Mit der Kündigungsschutzklage lassen Sie gerichtlich feststellen, dass Ihre Kündigung unwirksam ist. In der Praxis ist sie zugleich der wichtigste Hebel, um eine faire Abfindung zu erreichen.
Was bringt die Kündigungsschutzklage?
Ziel der Klage ist die Feststellung, dass das Arbeitsverhältnis durch die Kündigung nicht aufgelöst wurde. Das Verfahren endet in der Praxis meist auf eine von zwei Arten:
- Weiterbeschäftigung: Die Kündigung ist unwirksam, Sie kehren an Ihren Arbeitsplatz zurück und erhalten den Lohn für die Zwischenzeit nach.
- Abfindungsvergleich: Beide Seiten einigen sich darauf, das Arbeitsverhältnis gegen Zahlung einer Abfindung zu beenden – der häufigste Ausgang.
Der Ablauf Schritt für Schritt
- Klageeinreichung beim Arbeitsgericht innerhalb der Drei-Wochen-Frist.
- Gütetermin: Bereits wenige Wochen später versucht das Gericht eine gütliche Einigung. Oft wird hier schon über eine Abfindung verhandelt.
- Kammertermin: Kommt keine Einigung zustande, folgt die streitige Verhandlung mit Beweisaufnahme und Urteil.
Was kostet die Kündigungsschutzklage?
Eine Besonderheit des Arbeitsrechts: In der ersten Instanz trägt jede Partei ihre eigenen Anwaltskosten selbst – unabhängig davon, wer gewinnt (§ 12a ArbGG). Es besteht also kein Kostenrisiko in Bezug auf die gegnerischen Anwaltskosten.
- Mit Rechtsschutzversicherung (Arbeitsrechtsschutz) sind Ihre Kosten in der Regel gedeckt – die Deckungsanfrage übernehme ich für Sie.
- Ohne Rechtsschutz richten sich meine Gebühren nach dem RVG; den Rahmen bespreche ich vorab transparent.
Häufige Fragen
Bekomme ich durch die Klage garantiert eine Abfindung?
Einen gesetzlichen Anspruch auf Abfindung gibt es nicht automatisch. In der Praxis endet ein Großteil der Verfahren jedoch mit einem Abfindungsvergleich, weil auch der Arbeitgeber das Prozessrisiko und die Weiterbeschäftigung vermeiden möchte.
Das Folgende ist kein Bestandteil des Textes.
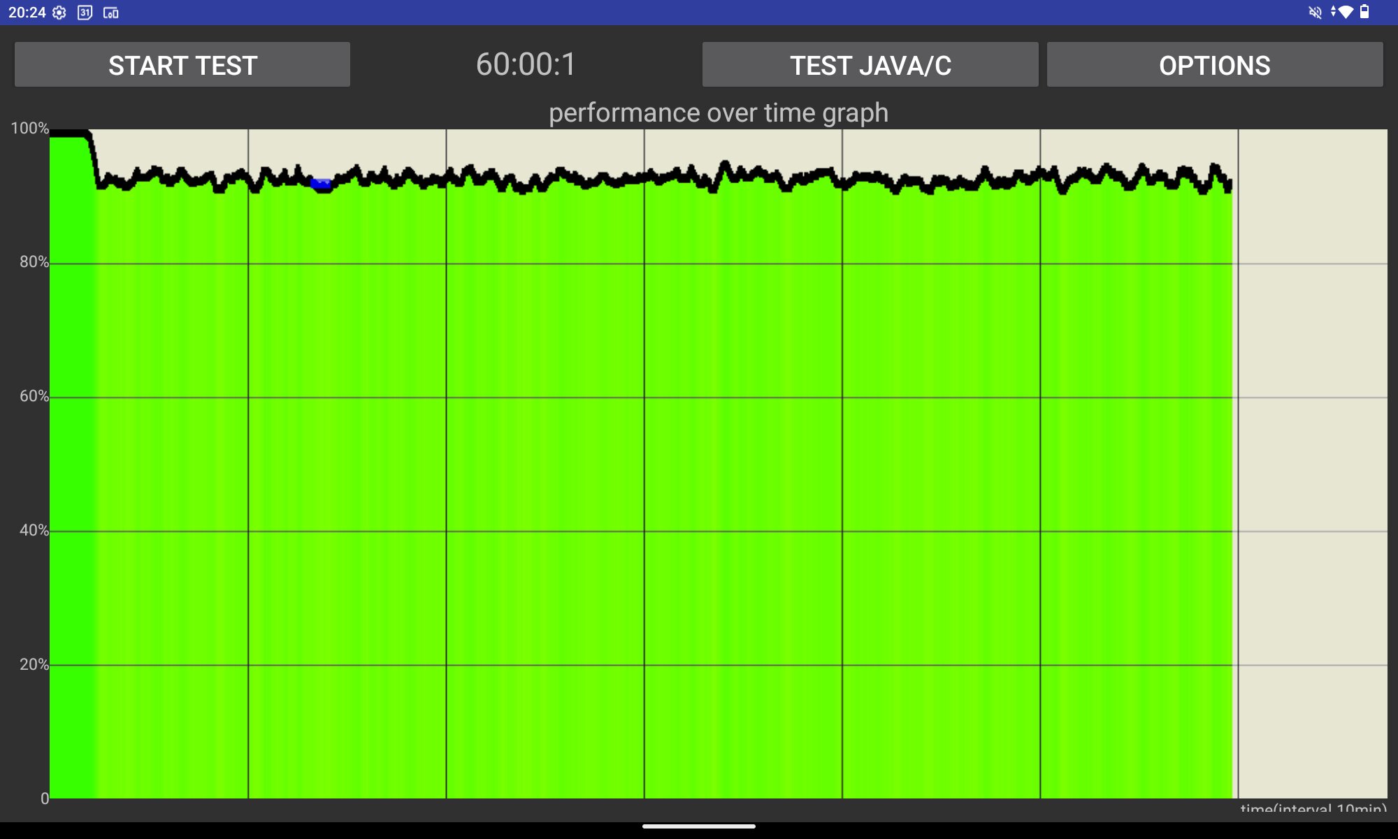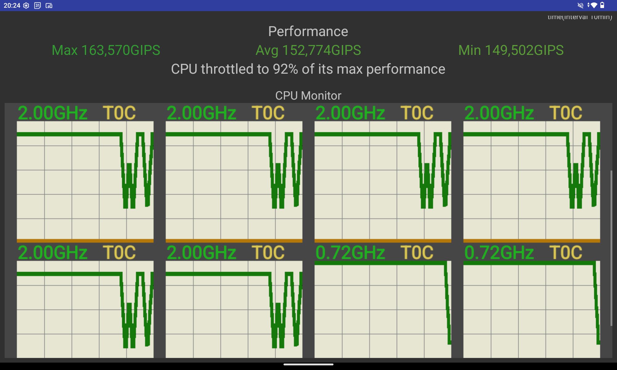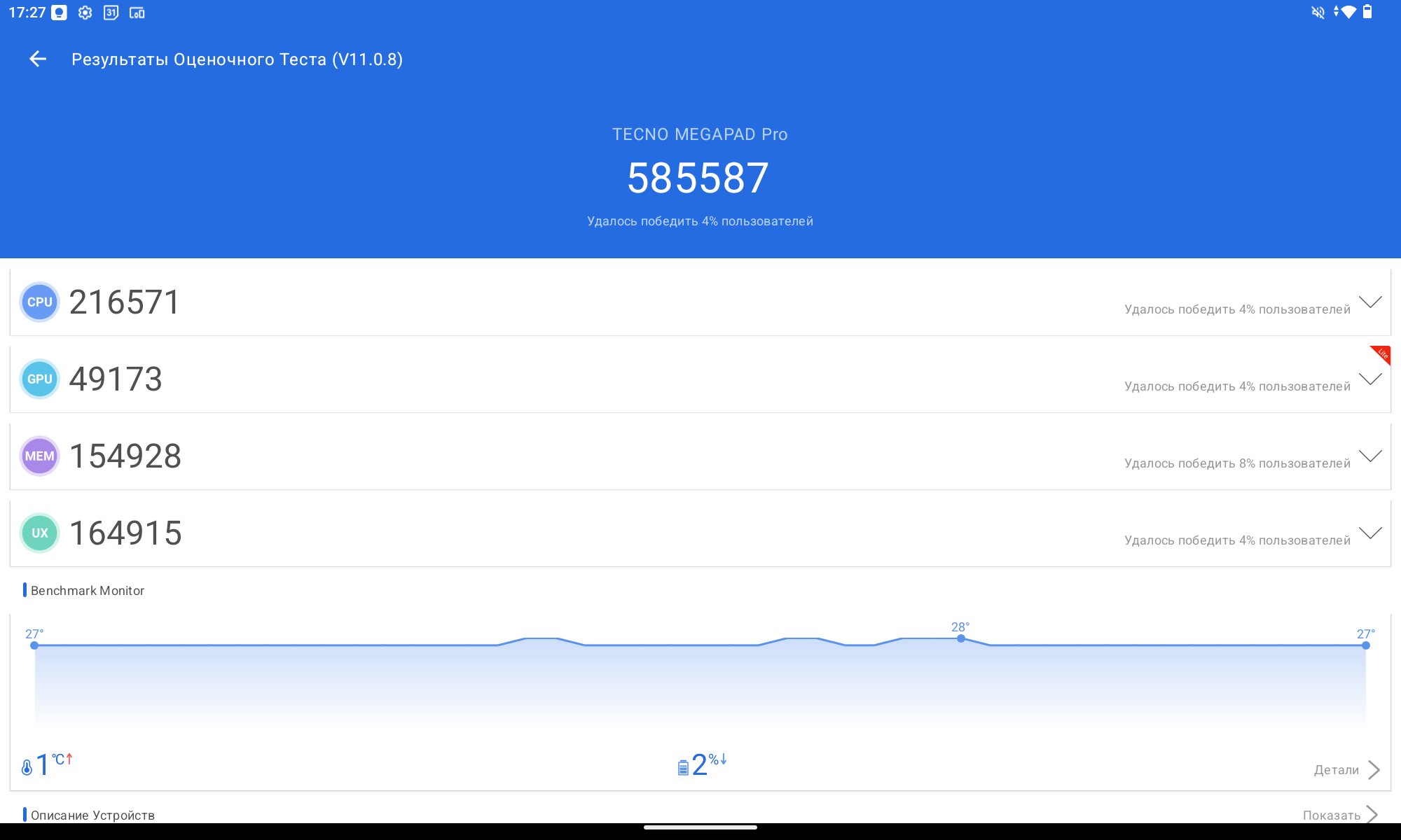 Результаты в бенчмарках показывают, что производитель полностью раскрыл потенциал Helio G100, то есть у планшета нет каких-либо проблем с оптимизацией или перегревом. Это подтверждает и стресс-тест: процессор сбрасывает всего 8% производительности, а графика — 5%.
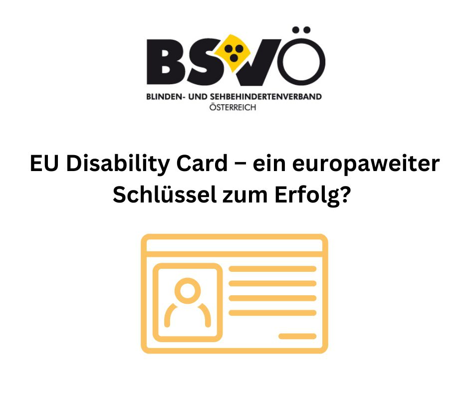 Logo BSVÖ, "EU Disability Card – ein europaweiter Schlüssel zum Erfolg", Grafik eines Personalausweises
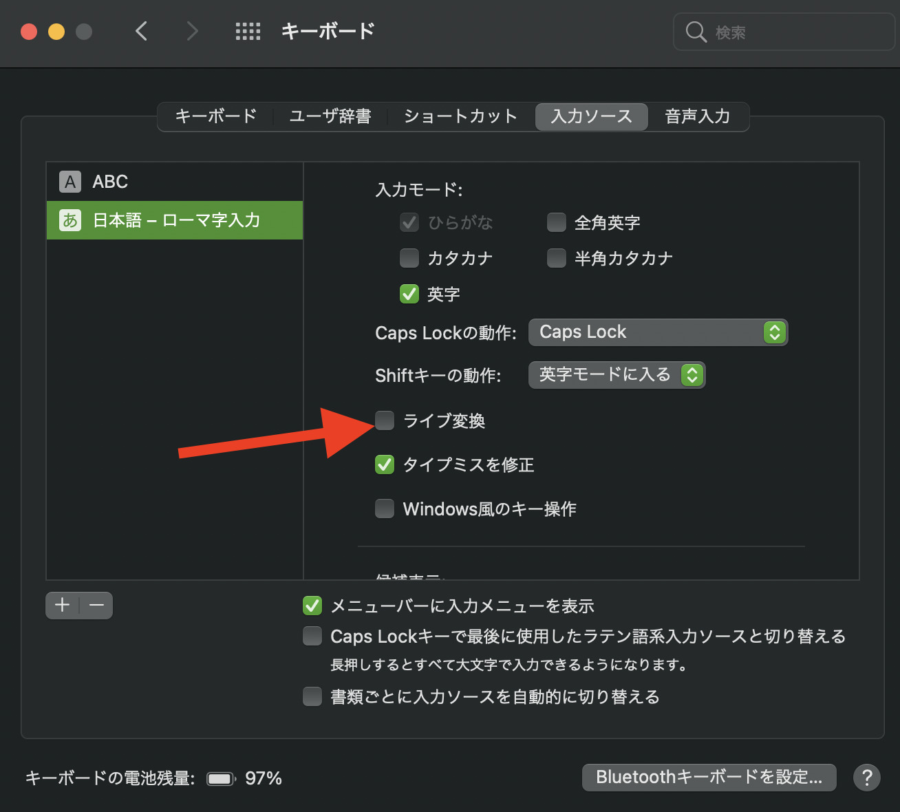 とにかく僕はライブ変換がキライなので絶対OFFにします。
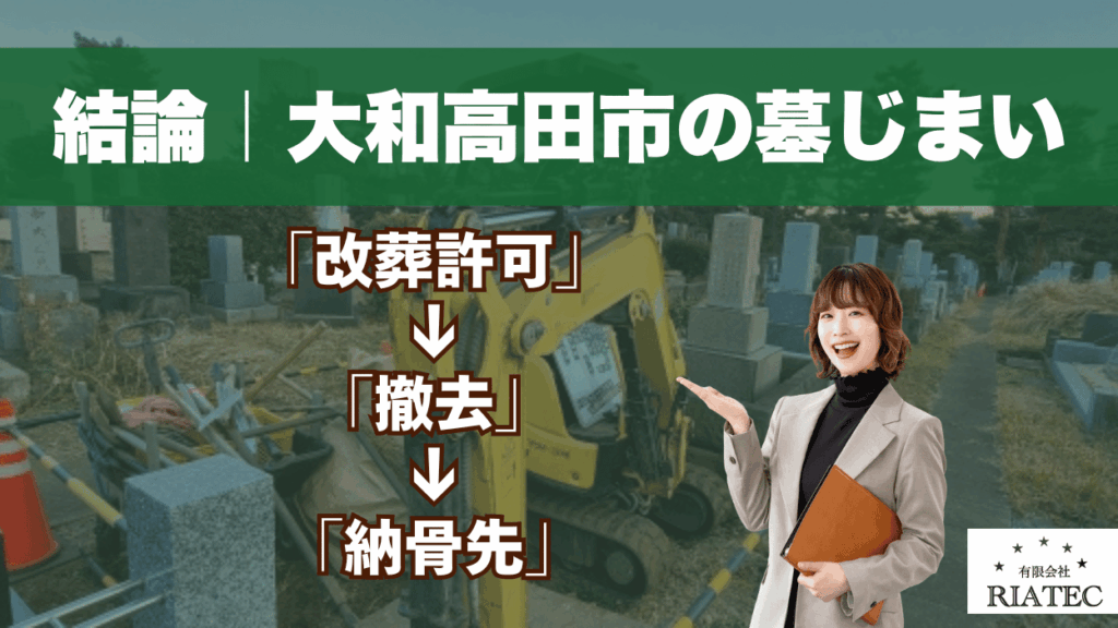 結論|大和高田市の墓じまいは「改葬許可」→「撤去」→「納骨先」の順で進める
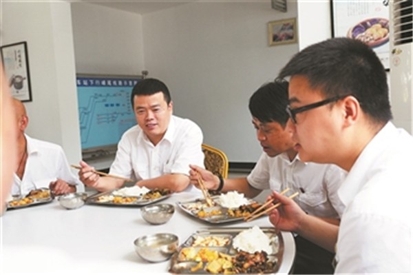 肖永红(左一)在食堂与车间职工交流,了解他们的所思所想,并征求意见建议。
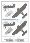 Instructions have four pages printed on a folded A4 sheet. They include a numbered parts plan, a table of Model Master paints, five main assembly steps and a page of profiles showing two I-15s with and without camouflage. The profiles of the camouflaged aircraft are too dark and lack contrast to check the different colour lines.

Wie lange dauert ein Kündigungsschutzverfahren?
Der Gütetermin findet meist innerhalb weniger Wochen statt; viele Verfahren sind damit bereits erledigt. Kommt es zum Kammertermin, kann sich das Verfahren über mehrere Monate ziehen.
Muss ich persönlich vor Gericht erscheinen?
Zum Gütetermin wird häufig persönliches Erscheinen angeordnet. Ich bereite Sie darauf vor und begleite Sie – Sie müssen nicht allein auftreten.